Many school districts provide an informational packet that includes information on public
insurance programs like Medicaid and the Children's Health Insurance Program, as well as
other programs like free and reduced-price meals. The Office of Superintendent of Public
Instruction (OSPI), in conjunction with the Department of Social and Health Services
(DSHS) and other departments, distributes a packet of informational materials to all 296
school districts. The 285 school districts participating in the food programs are required by
the United States Department of Agriculture to distribute the packet to ensure the application
for free and reduced-price meals is made available.
Summary of Amended Bill:
Beginning with the 2008-09 school year's enrollment process, public schools are required to
ask whether students have health insurance. If the parent or guardian does not provide a
response or indicates the student is not insured, either a school, or a designated community
health care collaborative under a written contract with a school district, must provide parents
with information about Medicaid and the Children's Health Insurance Program. Schools
must provide this information in writing via postal mail, electronic mail, or existing
communication channels by December 1, 2008.
The OSPI must work with the DSHS, the Office of the Education Ombudsman (OEO) and
community health care collaboratives to develop a one-page informational sheet on health
insurance for children, and the OSPI and the OEO must post the informational sheet on their
web sites by August 2008. Beginning December 1, 2008, schools must report annually to the
OSPI the number of students that are reported as not having health insurance. In addition, the
agencies must coordinate their work with the Select Interim Legislative Task Force on
Comprehensive School Health (Task Force) established by Chapter 5, Laws of 2007.
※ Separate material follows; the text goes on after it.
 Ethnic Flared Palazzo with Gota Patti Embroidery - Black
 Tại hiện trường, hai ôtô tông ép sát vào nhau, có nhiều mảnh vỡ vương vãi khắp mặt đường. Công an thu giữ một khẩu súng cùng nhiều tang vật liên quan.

A "community health care collaborative" is defined.
Amended Bill Compared to Engrossed Substitute Bill:
The implementation dates are moved from 2007 to 2008, the OEO is included in the
preparation and publication of the one-page information sheet, and the agencies are directed
to coordinate their work with the Task Force established by Chapter 5, Laws of 2007.
Appropriation: None.
Fiscal Note: Not requested.
Effective Date of Amended Bill: The bill takes effect 90 days after adjournment of session in which bill is passed.
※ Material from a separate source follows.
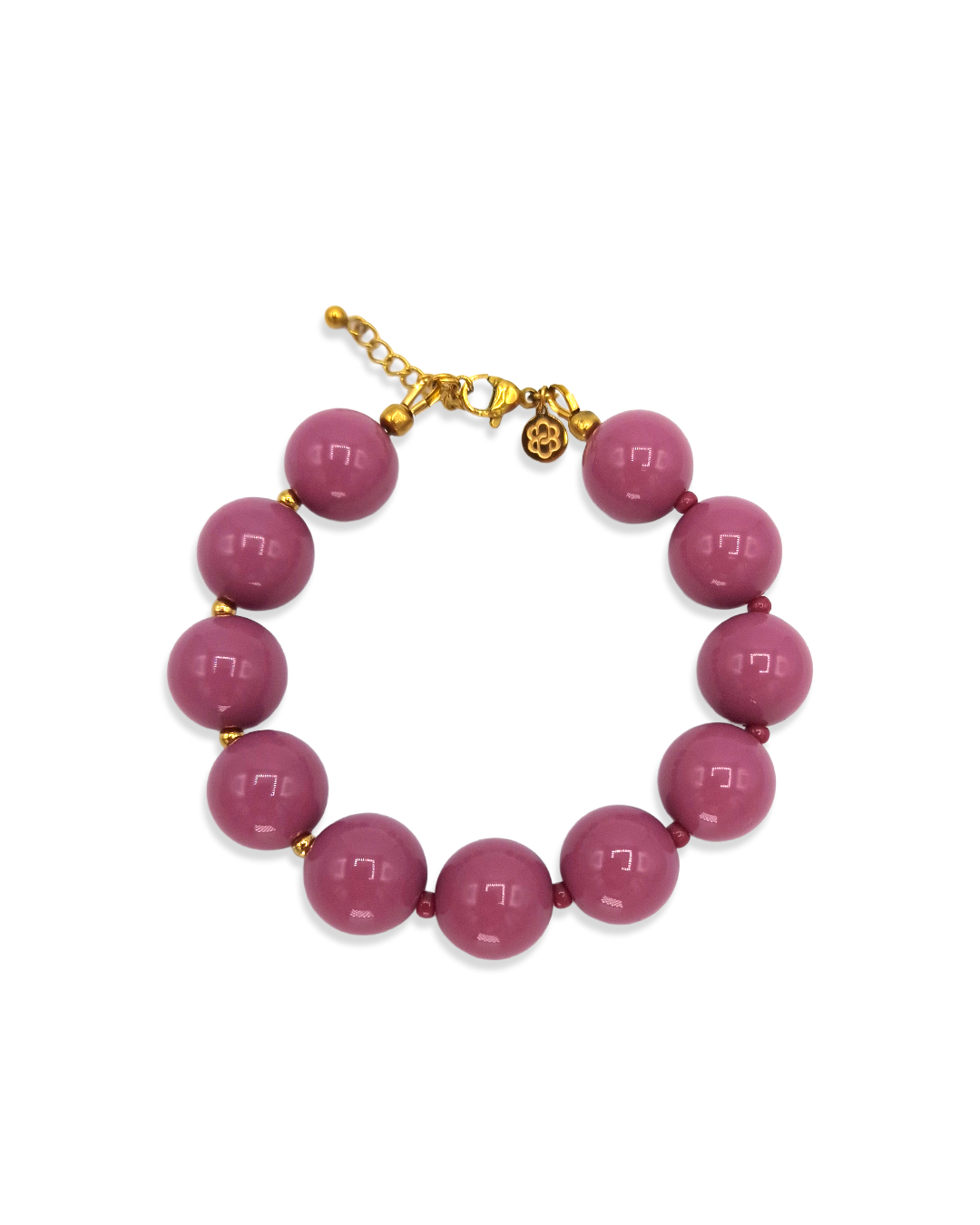 Een krachtig statement piece in zachte mauve tint. De grote glanzende kralen zorgen voor een clean, modern effect. Perfect voor avonden waarop je je look warm en opvallend wilt maken.

Staff Summary of Public Testimony:
(In support) When the children's insurance bill was passed, it did not include provisions for
how the children will be identified and parents notified of the insurance options. This bill
will help address those issues, and is a similar program to what has been done in Connecticut,
which has been a very cost effective program. Most every school puts out newsletters and
other communications to parents. This bill allows use of existing communication channels to
minimize cost and impact at the local level. This will also allow for collection of better data
than we currently have.
Community health care collaboratives mature in predictable phases, starting with
partnerships, common solutions, and community-owned solutions. There have been great
results from these collaboratives, with thousands of kids receiving better health care and
better access to that care. The requirements of this bill to notify parents about insurance
options is a good first step, and formalizes the relationships between collaboratives and
schools. These relationships allow for more effective outreach to parents regarding options
for health coverage for their children. Schools are the most logical place for collaboratives to
find out which children do not have health coverage. There are already school districts using
the strategies outlined in this bill, and they have proven very effective.
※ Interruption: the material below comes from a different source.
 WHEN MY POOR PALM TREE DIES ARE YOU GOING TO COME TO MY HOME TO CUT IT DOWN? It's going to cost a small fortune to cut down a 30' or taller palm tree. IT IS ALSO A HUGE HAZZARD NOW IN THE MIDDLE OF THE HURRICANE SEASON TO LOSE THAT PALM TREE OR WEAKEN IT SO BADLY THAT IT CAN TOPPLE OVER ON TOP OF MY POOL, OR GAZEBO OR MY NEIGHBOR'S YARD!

(In support with concerns) This is a great concept, but may impose further unfunded
mandates on schools.
(Opposed) This adds to the long list of unfunded mandates that schools are having to deal
with.
Persons Testifying: (In support) Senator Hobbs, prime sponsor; Holly Detzler,
Communities Connect; Sue Sharpe, Communities Connect and Whatcom Alliance for
Healthcare Access; and Wendy Carr, Whatcom Alliance for Healthcare Access.
(In support with concerns) Barbara Mertens, Washington Association of School
Administrators.
(Opposed) Mitch Denning, Alliance of Educational Associations.